- Born: Errol Arthur Arendse 16 October 1953 (age 72) Cape Town, South Africa
- Education: Ivor Kirsten Academy of Fashion (Johannesburg)
- Labels: Errol Arendz; Errol Arendz DuSud;
- Relatives: Rolf Theiler (brother in law)

= Errol Arendz =

South African fashion designer

Errol Arthur Arendz (born 16 October 1953) is a South African fashion designer.

==Early life==
Born Arendse, Arendz grew up in Elsie's River, a suburb of Cape Town. He studied in Paris and worked in London in the 70's and officially launched his career in 1973 after graduating from the Ivor Kirsten Academy of Fashion in Johannesburg.

==Career==
Arendz became known in South Africa in 1978, when Fair Lady Magazine featured Barbara Barnard wearing his first collection. He sewed her coat on his Bernina sewing machine at home.

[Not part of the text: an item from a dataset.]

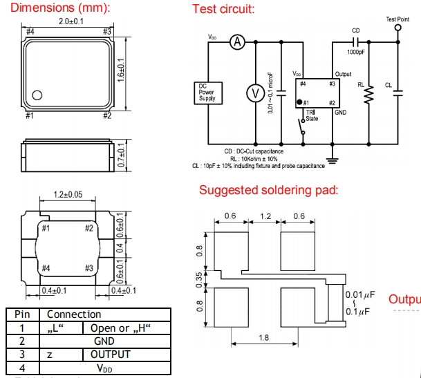 貼片2016晶振可能會在某些條件下受到損壞.例如從桌上跌落或在貼裝過程中受到?jīng)_擊.如果產(chǎn)品已受過沖擊請勿使用.

He set up a studio in Cape Town while he was still in his 20s. When Margaret Gardiner became Miss South Africa, Arendz designed her ball gown for the Miss Universe contest, which she won. His company, Errol Arendz Fashion Designer cc, was incorporated in 1986.

Arendz was popular under apartheid, with fashion magazines emphasizing the fact that he was coloured. "We did not care about politics, my sister Gloria and I just wanted to succeed. Then nobody saw us as black or white any more; if anything, we were silver - outside all categories," he commented later.

In 2003, Arendz was commissioned by South African Airways (SAA) to design the uniforms for all their crew, ground staff and flight attendants. He started designing shoes in 2005.

The Errol Arendz flagship store occupies an entire building in Hout Street in Cape Town. His clients have included Priscilla Presley, Joan Collins, Shakira Caine, Joanna Lumley, Sharon Stone, Jaclyn Smith, Elita de Klerk, Pam Golding and Karen Barnard.

He was a judge on the reality TV modeling competition Revlon Supermodel in 2007 and L'Ormarins Queen's Plate Racing Festival in 2017.